Chemical Reaction Mining via Transformers (CheRMiT)

CheRMiT is focused on integrating methods in language processing, cheminformatics, and machine learning to automate the process of mining and curating reactions from scientific literature. This information can be particularly useful for biochemical researchers, but manual curation methods are inefficient and error-prone. The team is building a pipeline to mine and process chemical reactions from millions of papers, by building chem-informed language models that can extract chemical reactions and validate them using cheminformatics libraries. Ultimately, a complete resource will not only provide curated information on thousands of enzymatic reactions for researchers to use, but may also assist in making predictions about undocumented reactions.

For the training sprint, CheRMiT team members completed two notebooks focusing on the two parallel prongs of the project: one on utilizing new cheminformatics libraries and the other introducing the concepts of language models in machine learning.

The first notebook introduces students to cheminformatic modeling and various machine representations of compounds and reactions, then walks them through a small exercise in manually annotating a paper to explore the kinds of useful features present. The final do-it-yourself component of the notebook asks students to implement a reaction operation validator using a sample paper and SMARTS reaction operators.

The second notebook walks students through a mixture of foundational ML topics as well as NLP-specific tools that the team has utilized. After briefly exploring topics and readings in gradient descent and PyTorch, students then explore and implement utilities from the Snorkel and HuggingFace Transformers libraries. In particular, students first implement a custom Snorkel labeling function for semi-supervised annotation of training data, and then test out an application of a new, relevant model called ChemRxnBERT on a sample paper.

Hallucinating Scaffolds

The Hallucinating Scaffolds team focuses on designing scaffolds for particular enzymatic active sites of interest to create proteins that support catalytic function.

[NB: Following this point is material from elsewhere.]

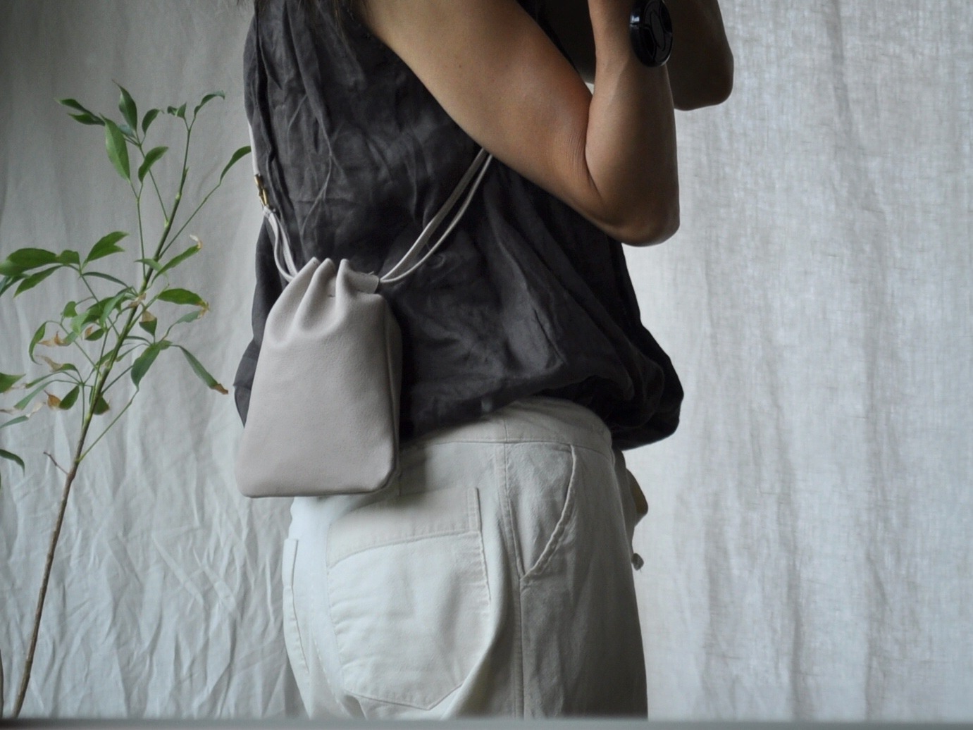 ちょっとしたお出かけにぴったりの巾着。巾着のくしゅっとした可愛さと、革の質感のバランスがいい、

These de novo generation of enzymes with novel scaffolds will allow the team to design proteins with improved energetic stability and higher binding affinity while maintaining favorable active site functionality. Currently, the team is focusing on integrating methods from RosettaDesign, such as TrDesign, and AlphaFold, to design proteins that can eventually be tested in the wetlab.

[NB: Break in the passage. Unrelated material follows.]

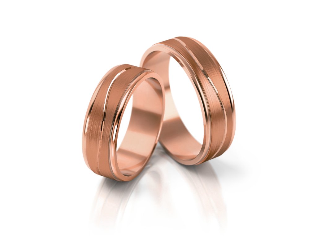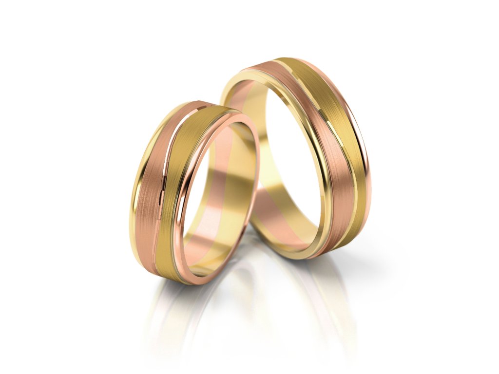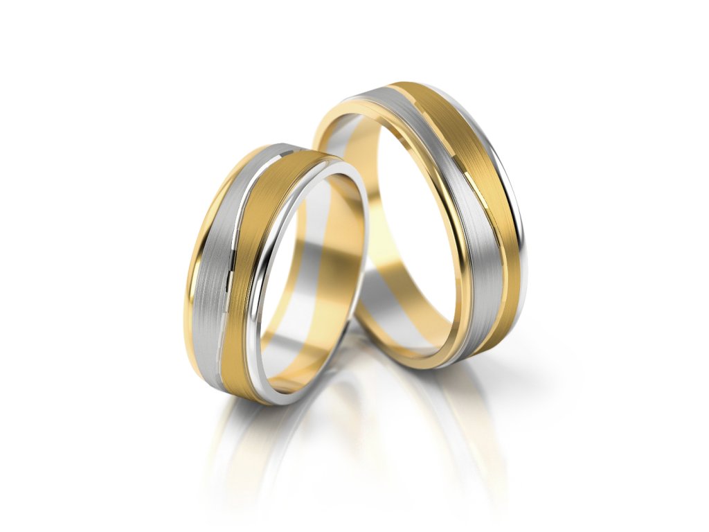 Snubní prsteny pro nevěstu a ženicha jsou z kombinace zlata ryzosti 585/1000 a doplňuje je lesklé/matné provedení.

​​ For HSF's training sprint, team members were introduced to the general project description, literature on the protein design and hallucination process; and explored two different de novo protein design pipelines (Tischer’s model and trDesign (trRosetta for protein design)). In addition to providing onboarding instructions for utilizing internal compute resources, the notebook provides a breakdown of BASH commands and theoretical aspects of protein design models, and how to search for features and properties of proteins of interest.

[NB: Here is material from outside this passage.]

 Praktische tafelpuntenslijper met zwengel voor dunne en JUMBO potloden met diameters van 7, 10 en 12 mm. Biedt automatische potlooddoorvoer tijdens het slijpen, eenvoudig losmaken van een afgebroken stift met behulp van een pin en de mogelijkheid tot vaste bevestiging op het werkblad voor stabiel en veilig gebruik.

Team members brainstormed ideas for potential quantitative analysis of hallucination outputs, then collectively engaged in a round of alanine scanning. Alanine scanning is an in silico useful mutagenesis technique used to determine the contribution of specific residues to the stability and functionality of given proteins. Students therefore mutated each of the assigned 50 residues of the amino acid sequence of phytoene desaturase (PDB ID: 4dgk) independently, generated PSIPRED secondary structure predictions and IUPred disorder predictions, and used traces and heatmaps to analyze changes due to mutations. Ultimately, students ran this experiment to gain exposure to the kinds of quantitative analysis necessary for characterizing essential domains; and shed light on the choice of residues to be preserved during protein hallucination to optimize functionality.